Violinist LYNN BECHTOLD has appeared in recital throughout the U.S., Canada, Holland, and Switzerland, and has premiered works by and/or collaborated with composers such as Gloria Coates, George Crumb, John Harbison, and Morton Subotnick, among others. In 2001, Alvin Lucier wrote a violin/electronics piece for her entitled Violynn. As a member of groups including East Village Opera Company band, Bleecker StQ, Lumina String Quartet, the SEM Ensemble, Zentripetal, and the New York Symphonic Ensemble, Ms.

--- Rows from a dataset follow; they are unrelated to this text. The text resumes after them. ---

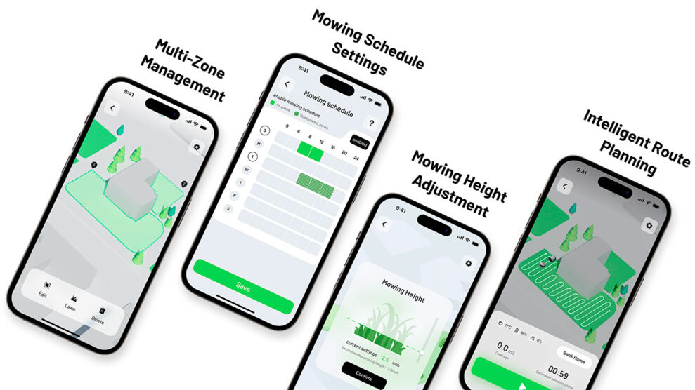 Den er IPX6- vandresistent og har en luge i toppen, så man slipper for at vende den på hovedet, når den skal spules ren med en haveslange. Den skulle også kunne klippe så tæt som 51 mm fra mure eller stakitter, og klippehøjden kan justeres mellem 20-101 mm (via en app, hvor man også kan skemalægge klipning m.m.).
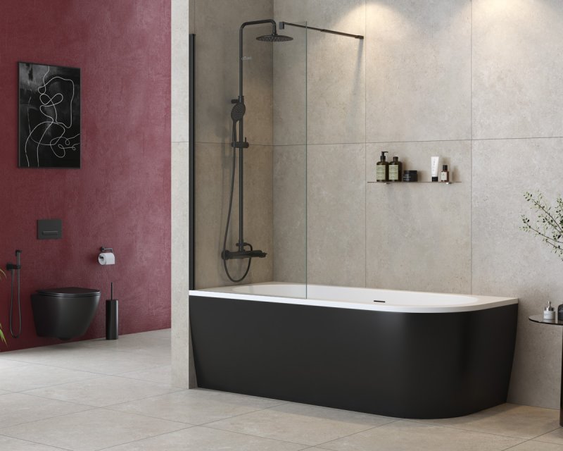 Душевая шторка для ванны Cezares Liberta 80x155 стекло прозрачное, профиль черный (LIBERTA-V-1-80/155-C-NERO)
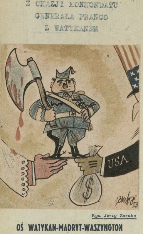 Archiwum / Rozmaitości [old] nr 440 (37/1953) 2/3 Podziel się Tytuł Oś Watykan-Madryt-Waszyngton Autor Jerzy Zaruba Rubryka Rozmaitości [old] Artykuł z numeru 440 (37/1953) Data wydania 13 września 1953 Tagi propaganda karykatura satyra episkopat kościół USA Franco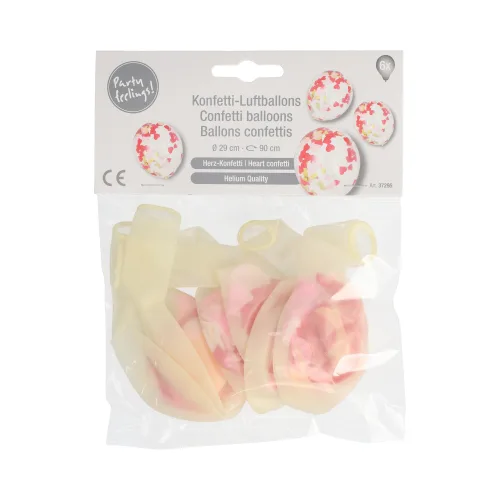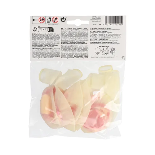 – Hoeveelheid confetti: 1-2 g per ballon, hartvormige confetti: Ø: 3 cm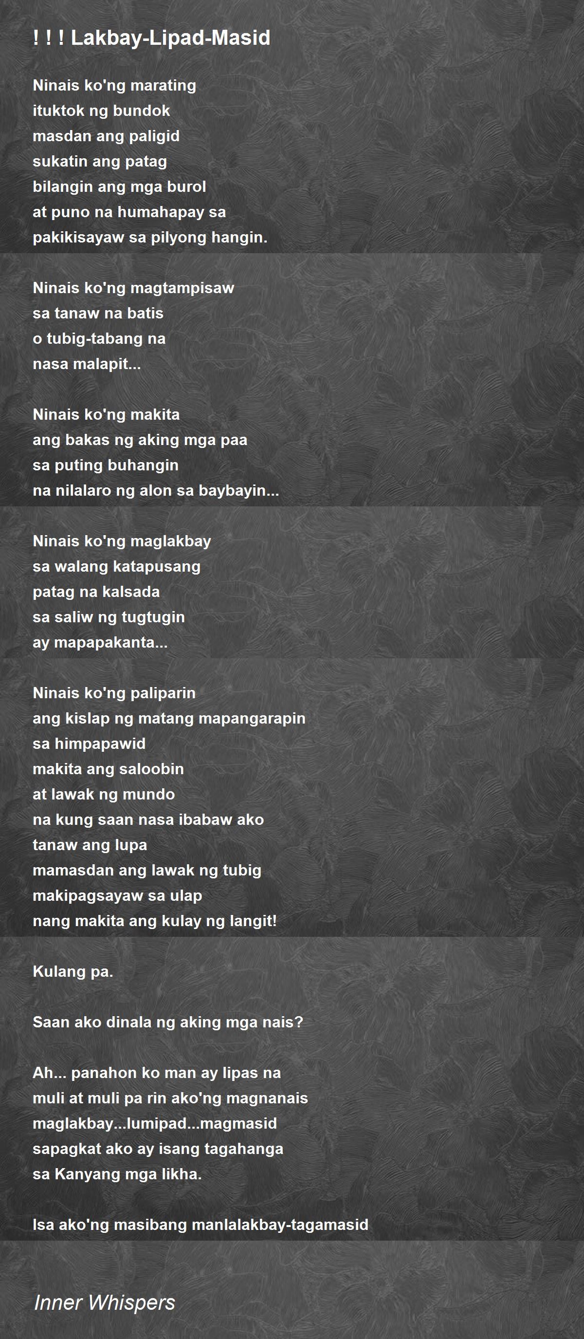 Nais kong liparin ang himpapawid At maabot ang ulap at langit Nais kong marating ang asul na dagat At languyin ang kanyang rikit Nais kong mahiga sa kandungan ni ina At lasapin ang kanyang mga haplos Nais kong marating ang paraiso Upang Doon ay magpahinga nitong Pagod kong puso Sa pangarap lang makakamtan Ang inaaasam Sa pangarap lang.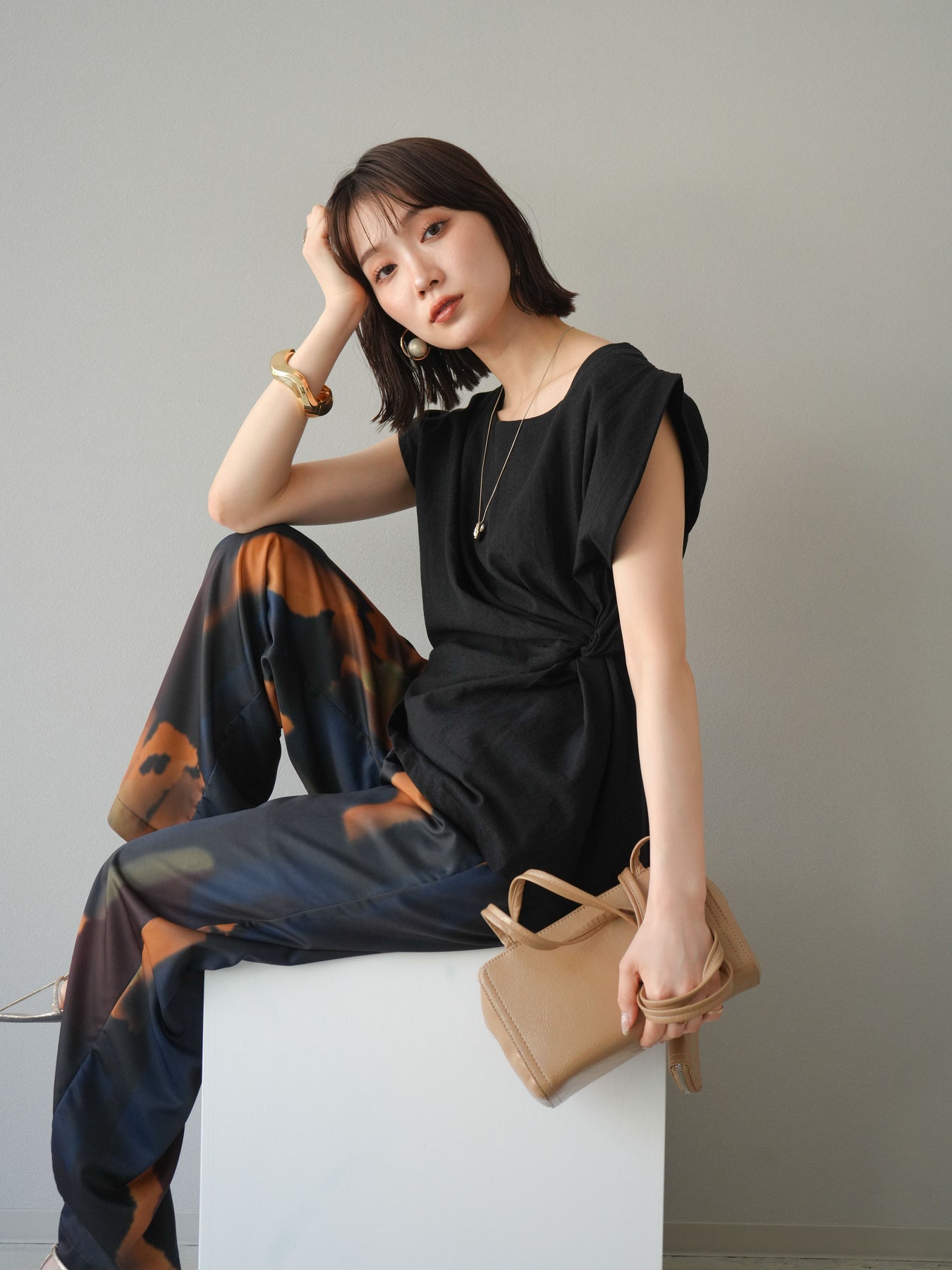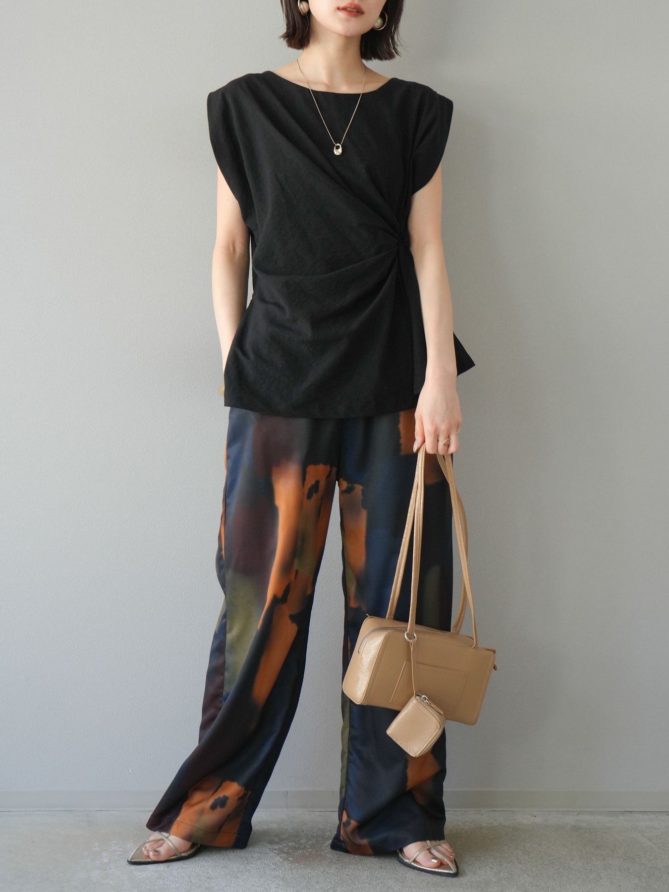 ウエスト部分のツイストデザインがアクセントになった、サイドツイストフレンチトップス。立体感のあるディテールで、シンプルながらも着映えする一枚に仕上がっています。程よく肩を覆うフレンチスリーブが、二の腕をすっきりと見せつつ、きちんと感も演出。柔らかな素材で着心地も良く、デイリーに活躍します。パンツにもスカートにも合わせやすく、タックイン・アウトどちらでもバランスよく決まる万能アイテムです。 ※ボトムス、キャミソール(インナー)以外の商品は一律でインナーは付属していません。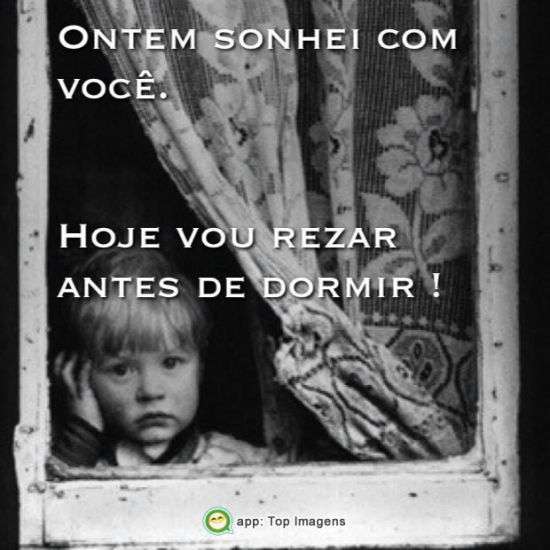 Ontem sonhei com você. Hoje vou rezar antes do dormir!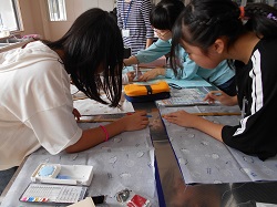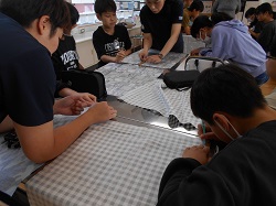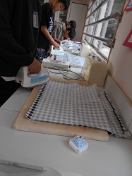 ランチョンマットの製作が始まり、印を付けるのにドキドキ、アイロンかけるのにドキドキと慎重に作業をしていました。
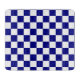 This cutting board has a classic blue and white checkerboard pattern.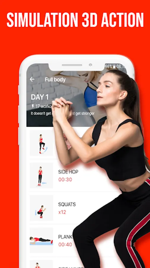 The application has 3 levels of difficulty, from basic to professional. Find yourself the right exercise for you. You don't need to go to the gym, just spend a few minutes every day to get the perfect body!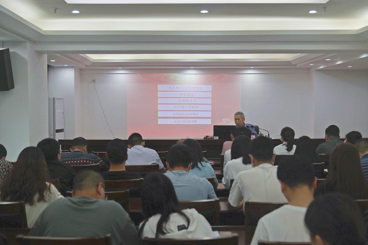 為做好企業(yè)普法宣傳工作,廣泛開展法律進(jìn)企業(yè)法制宣傳教育活動(dòng),培養(yǎng)員工學(xué)法、懂法、用法法治思維,2022年5月25日下午,巴中發(fā)展控股集團(tuán)舉辦了法律培訓(xùn),特邀請巴中市律師協(xié)會會長、四川砝鼎律師事務(wù)所主任朱曉光作專題培訓(xùn)。集團(tuán)總部員工,下屬企業(yè)風(fēng)控負(fù)責(zé)人、法務(wù)、業(yè)務(wù)工作人員共計(jì)50余人參加本次培訓(xùn)。培訓(xùn)會議指出,現(xiàn)今契約文化的重要性不言而喻,合同是保障企業(yè)權(quán)利的命脈,要推動(dòng)企業(yè)法律工作向管理型轉(zhuǎn)變,由事后救濟(jì)型向事前防范、事中控制型轉(zhuǎn)變,努力做好風(fēng)險(xiǎn)防控。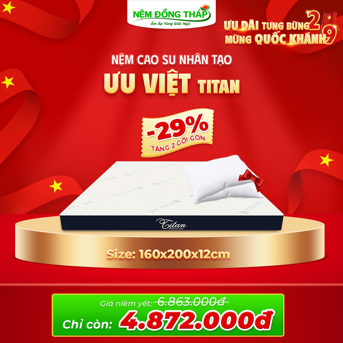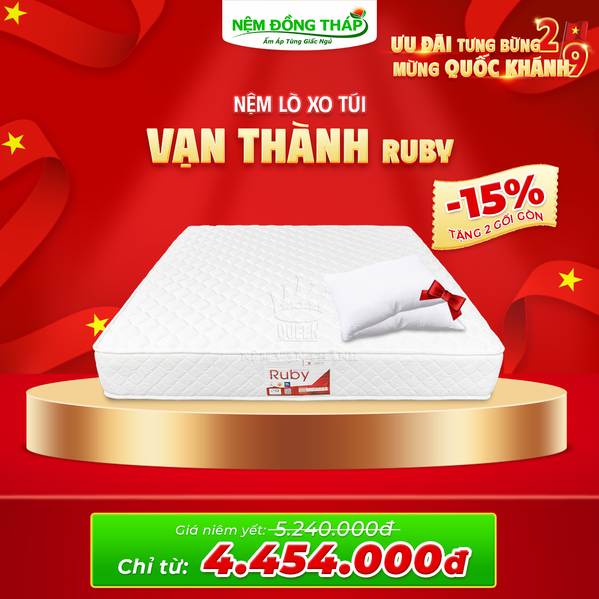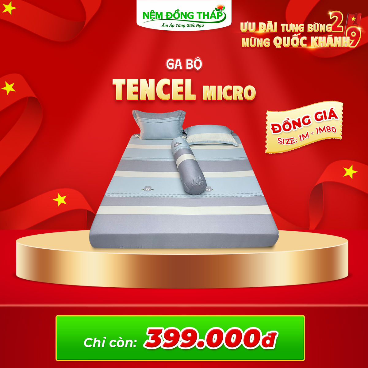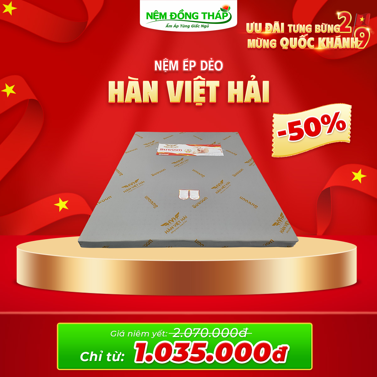 Nhân dịp Quốc Khánh 2/9, Nệm Đồng Tháp trân trọng gửi đến Quý Khách hàng chương trình khuyến mãi đặc biệt với mức giá hấp dẫn chưa từng có. Đây là cơ hội vàng để bạn nâng cấp không gian nghỉ ngơi, chăm sóc giấc ngủ và sức khỏe cả gia đình.

Bechtold has performed around the world and has been heard on CBC Radio, CBS-TV, NHK-TV, and WNYC. Other programs have been with Absolute Ensemble, DJ Spooky’s Telos Ensemble, North/South Consonance, Parsons Dance, Paul Taylor Dance Company, and Vision Into Art, among others. In addition, she’s performed with artists such as Boyz II Men, Sheryl Crow, Roberta Flack, J-Pop band SMAP, Smokey Robinson, Donna Summer, and Pablo Ziegler. Ms. Bechtold holds degrees from the New England Conservatory of Music, Tufts University, and the Mannes College of Music, where she was one of the last students of noted violinist Felix Galimir. In addition, she likes to compose works for strings and electronics. She is on the faculty of Greenwich House Music School in NYC. Her duo Zentripetal’s CD is coming out in early 2012 on CCR/Naxos Records.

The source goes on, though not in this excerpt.